Information
- First date: 19 March 2017
- Last date: TBA

Events
- Total events: TBA

Fights
- Total fights: TBA
- Title fights: TBA

Chronology
| 2016 in AFC | 2017 in AFC | 2018 in AFC |

= 2017 in AFC =

Mixed martial arts events

The year 2017 was the 8th year in the history of Australian Fighting Championship (AFC), a mixed martial arts promotion based in Australia. In 2017 AFC held 4 events.

== Events list ==

| # | Event title | Date | Arena | Location |
|---|---|---|---|---|
| 22 | AFC 21 | 28 October 2017 | Melbourne Pavilion | Melbourne, Australia |
| 21 | AFC 20 | 28 July 2017 | Melbourne Pavilion | Melbourne, Australia |
| 20 | AFC 19 | 15 April 2017 | AFC Arena | Xi'an, Shaanxi, China |
| 19 | AFC 18 | 14 April 2017 | AFC Arena | Xi'an, Shaanxi, China |

==AFC 21 ==

AFC 21 was an event meant to be held on 28 October 2017, at AFC Arena in Xi'an, Shaanxi, China.
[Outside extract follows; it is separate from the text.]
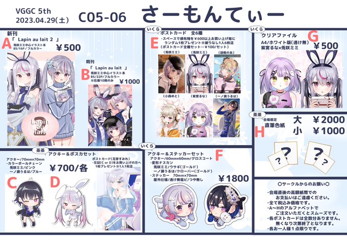 VGGC5thにいくらさん(@ animalanimal17)と サークルで参加します😎売り子にさくをみさん(@ Vsakusakupoyo)が来てくれます! みみたやメインのイラスト本やアクキーなどを頒布予定です! 是非遊びに来て下さい〜🙏 #VGGC

The event was cancelled and instead was held on 28 October 2017, at Melbourne Pavilion, Melbourne, Australia.

==AFC 20 ==

AFC 20 was an event held on 28 July 2017, at Melbourne Pavilion, Melbourne, Australia.

==AFC 19 ==

AFC 19 was an event held on 15 April 2017, at AFC Arena in Xi'an, Shaanxi, China.

==AFC 18 ==

AFC 18 was an event held on 14 April 2017, at AFC Arena in Xi'an, Shaanxi, China.